The etiology of dental caries has been traditionally linked to imbalances in dental biofilm;1)(12) however, counts of CFU of S. mutans in saliva are used to define disease risk. This dichotomy used to be based on the ease of volumetric measurement of saliva samples compared to the difficulty in determining the amount of dental biofilm. Currently, molecular techniques allow quantifying such risk in dental biofilm; therefore, it is recommended to obtain biofilm samples, since this is the natural niche of S. mutans in the oral cavity. The present study showed greater amount of S. mutans in biofilm (average 74.24 x 105) that saliva (average 14, 85 by 105), making it a tool of greater precision for the identification and quantification of S. mutans in biofilm during the stage of evaluation of cariogenic risk.
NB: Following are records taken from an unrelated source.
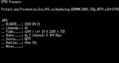 | FiLENAME: | Protest.und.Provokation.Die.AfD.im.Bundestag.GERMAN.DOKU.720p.HDTV.x264-BTVG.mkv |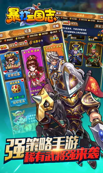 强 策略手游 稀有武将强来袭! 东汉末年,三国分立,烽火连天金戈不止,在那个世间争雄的年代,人命如草芥,群雄争霸,英雄辈出.《暴打三国志》便是以三国历史为蓝本,经数年研发而成的一款休闲娱乐类卡牌游戏.游戏将带大家进入三国战乱时代,玩家用自己的威望与实力招罗天下好汉,只需要手指轻轻点触屏幕即可暴打三国群雄,提升自己的实力,不断打败历史武将,让着名英雄人物臣服.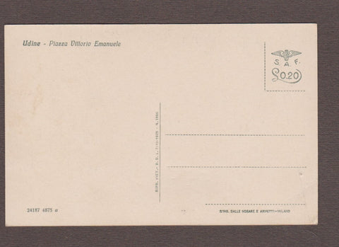AK Udine - Piazza Vittorio Emanuele. Ungelaufen. Kleinformat. Verlag: S.A.F. Zustand: linkes unteres Eck geknickt und dort etwas bestoßen.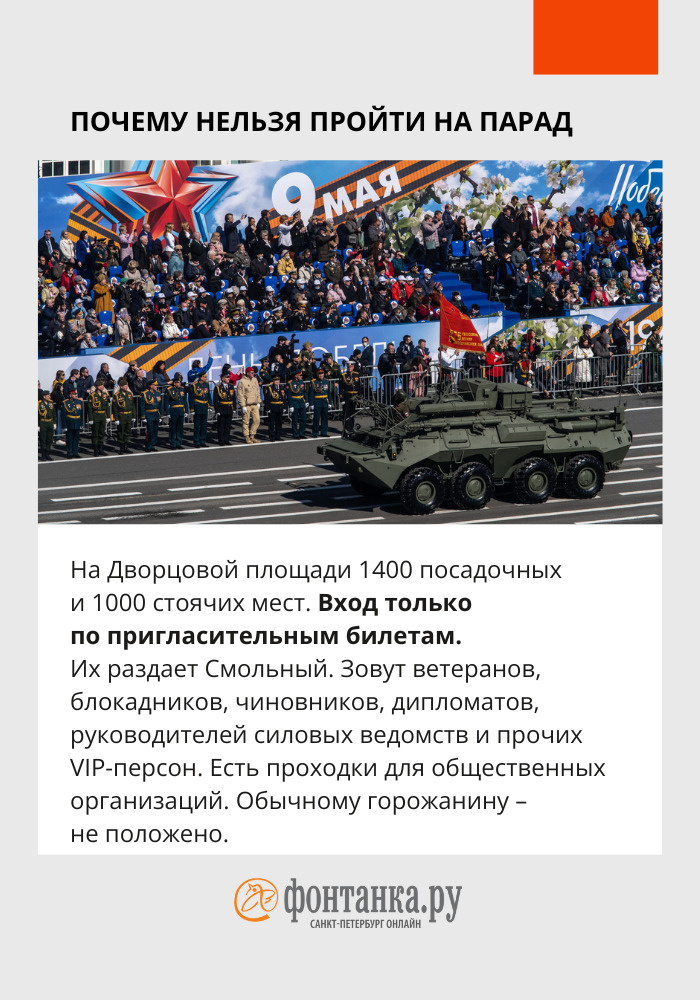Попасть на трибуну и посмотреть парад с лучшего ракурса не получится - вход сюда только по пригласительным билетам, которые распределяет Смольный. Приглашения предназначены для ветеранов Великой Отечественной войны, VIP-персон (например, федеральные чиновники или руководители силовых ведомств), а также распространяются среди районных общественных организаций.

Finally, the appropriate distribution of dilutions on the standardization curve showed the procedural and methodological precision in creating the graph (the five recommended points were used), which allowed validating subsequent quantifications performed for each sample. The same accuracy was observed in the behavior of fluorescence under the threshold in analyzing No Template Controls, demonstrating the absence of external contaminations during the processes, as well as the absence of primer dimers.
CONCLUSIONS
The used methodology allows identifying and quantifying S. mutans in saliva and dental biofilm samples stored in cold, in a specific, sensitive and quick manner, using specific primers. The qPCR technique enables processing a greater volume of samples, which saves time in obtaining results.